Bitcoin & Debifi Snapshot (June 2026)
Closing the month on June 30th, Bitcoin traded at 58 545 $, marking a significant decrease of roughly -20,5% from its June 1st opening price of 73 622 $. This marks a new low for the bear market that began last October, dropping 3% below the 60K floor established on February 6th. This ongoing downturn confirms that the current market behavior aligns almost perfectly with the historical continuity of previous cycles.
Regarding Debifi's lending metrics, the average Annual Percentage Rate (APR) is now back in double digits at 10.28%. This marks the first increase since the beginning of the bear market, indicating a growing demand for loans among Bitcoiners as we approach deep value territory.
Meanwhile, the average Loan-to-Value (LTV) ratio experienced only a slight uptick, settling at an average of 68.4%. Even though Bitcoin's price dropped by more than 20%, the LTV only increased by 3%. This demonstrates that our users are closely monitoring their positions and actively compensating for the weakness of their collateral. Furthermore, we are observing an extension in loan durations, with the average term reaching 13.48 months, a new record for our platform.
Sources : Debifi open loan offers & Tradingview
June 2026 Overview
Following the failed attempt to reignite the bull market in early May, June marked another step down into bear territory. The 200-week moving average was tested multiple times before finally giving way on June 23rd, and the price has now settled below this crucial indicator.
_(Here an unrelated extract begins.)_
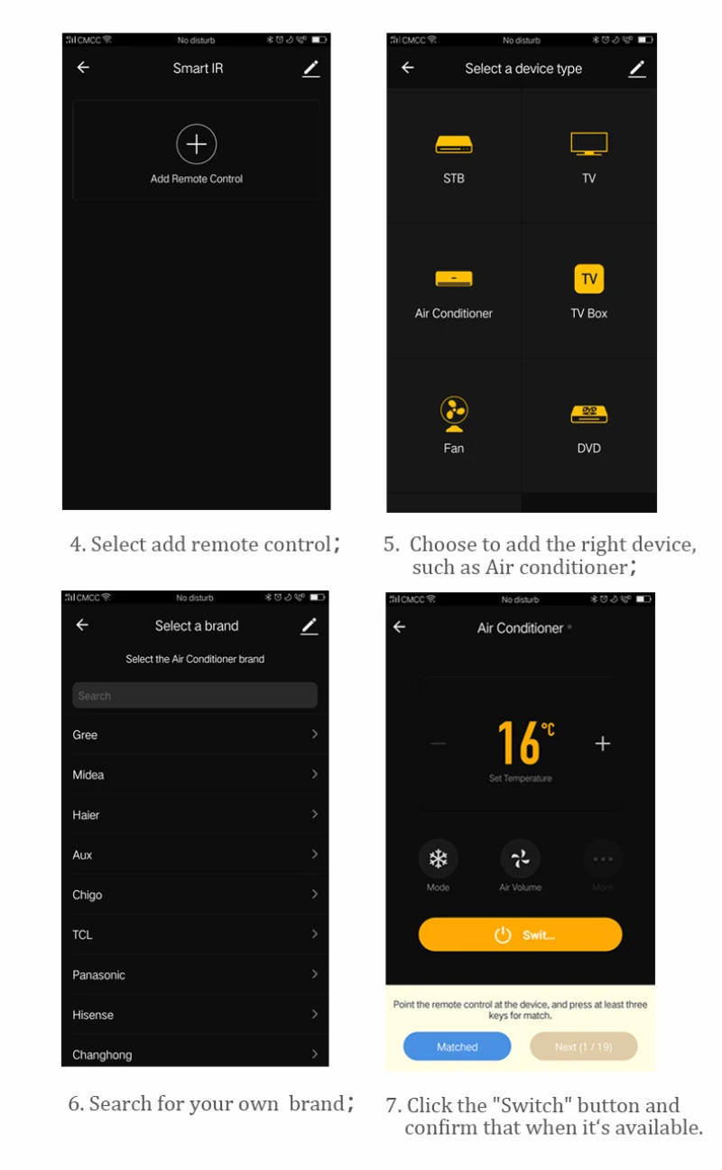 Поддерживает 50000 + IR (38 кГц ИК только в том случае, нет радиочастотных) управляемых устройств, включая свой кондиционер, ТВ, ТВ коробка, DVD, аудио, видео Регистраторы, приемник, и т. д.

It is worth noting that this same level was breached in mid-June 2022, coinciding with the announcement that Celsius was freezing withdrawals and began its collapse, occurring at the exact same point in the timing of the previous cycle. The repetition of Bitcoin's price history is striking, especially given how drastically different the fundamental landscape is today.
Indeed, despite improved regulatory conditions, resilient liquidity (with Bitcoin continuing to process between $30 billion and $50 billion in daily transaction volume), and major announcements from institutional players, Bitcoin is enduring a downturn that mirrors the drops previously triggered by major industry bankruptcies.
The Celsius bankruptcy in 2022 is particularly interesting because it established exactly what this lending sector was not meant to become. This bankruptcy acted as a wake-up call for the community, serving as a brutal reminder of the fundamental Bitcoin adage: "Not your keys, not your coins."
Whereas Celsius viewed its clients' collateral as capital to be risked on the markets for its own profit, Debifi adopts a philosophy aligned with the primary ethos of Bitcoin: transparency and security above all:
- The absence of rehypothecation: Unlike Celsius, the collateral deposited on Debifi is never lent to third parties, nor is it invested in protocols to generate yield. The Bitcoin stays on-chain, serving strictly as collateral for the contracted loan.
- Collateral transparency: The model of a Bitcoin-native platform moves away from the black box approach. Users must have absolute certainty that their funds are actually there. The collateral does not move and is not diluted in the company's speculative bets.
- The integration of collaborative security: This approach is rooted in the respect for ownership. The user is no longer held hostage by the opacity of a fraudulent balance sheet. They can monitor their loan (as shown by the careful tracking of your LTV) without fearing their collateral will evaporate due to the platform's mismanagement.
In short, the collapse of Celsius has vindicated our model, proving that Bitcoin-backed lending should never compromise the security of the world's most valuable asset.
It is no coincidence that we are seeing a surge in loan requests on our platform. Bitcoiners who remain true to these core principles are seizing the opportunity of this bear market to unlock their Bitcoin's full potential and plan for the long term.
Starting this month, we are making this long-term vision even more accessible by allowing our clients to renegotiate their contract terms. When your loan reaches maturity, you are no longer forced to close it and open a new one. Instead, you now have the flexibility to renegotiate a new timeframe at any point.